Disputes over care in nursing homes and other long-term care facilities will increasingly be decided in litigation, rather than arbitration, as a result of new federal regulations banning pre-dispute arbitration agreements in facilities that participate in the Medicare and Medicaid programs.

The Centers for Medicare & Medicaid Services (CMS), an office of the U.S. Department of Health and Human Services, on Tuesday published new, sweeping regulations that govern long-term care. In addition to the new rule on arbitration agreements, the regulations make major revisions to rules regarding staffing, care planning and many other aspects of long-term care. The regulations set standards for participation in Medicare and Medicaid and do not apply to facilities that do not participate.

Long-term care facilities using arbitration agreements should review their agreements, and their procedures for executing them with residents or residents’ representatives, to ensure compliance with the new rules.

The new arbitration rules take effect November 28, 2016. They do not apply retroactively and have no legal effect on the enforceability of existing pre-dispute arbitration agreements.

The rules allow post-dispute arbitration agreements, but such agreements may only be entered into voluntarily, and not as a condition of remaining at the facility. The rules also require facilities to:

  • Explain the agreement to the resident in an understandable manner,
  • Have the resident acknowledge his or her understanding, and
  • Not include language discouraging or prohibiting residents from contacting government regulators.

CMS said it was prohibiting pre-dispute arbitration agreements because it found evidence that such agreements harm the quality of care for Medicare and Medicaid residents. The agency also said pre-dispute agreements were “fundamentally unfair” because it is “almost impossible” for residents or their decision-makers to give fully informed and voluntary consent before a dispute has arisen. CMS also stated that Medicare and Medicaid beneficiaries are old and disabled or ill, often lack resources to litigate, and have less bargaining power than long-term care facilities. For these reasons, CMS has determined that pre-dispute agreements are, by definition, unconscionable.
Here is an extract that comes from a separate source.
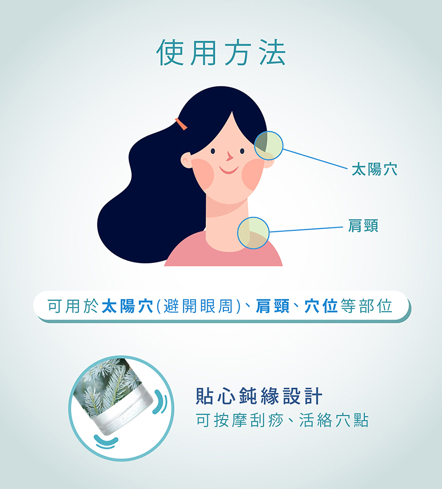 用法:以滾珠頭輕輕塗抹於太陽穴、后頸或其他需要舒緩之肌膚部位,並避免接觸眼睛周圍。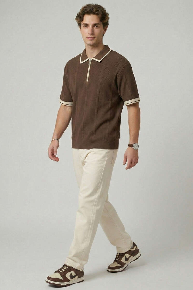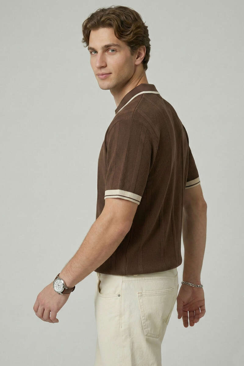 Polo Yaka Düğmeli Örme Erkek T-shirt Krem

CMS acknowledged that arbitration benefits both parties by being generally faster and cheaper than litigation, but it said residents or their decision-makers must make an “informed and voluntary” choice.

To address concerns over “secrecy” of arbitration, the new rule requires facilities to retain, for five years, the arbitration agreement and the arbitrator’s final decision, and to make these documents available for inspection by CMS. The arbitration proceedings can remain confidential.

The rules only address arbitration agreements and do not apply to rules regarding mediation.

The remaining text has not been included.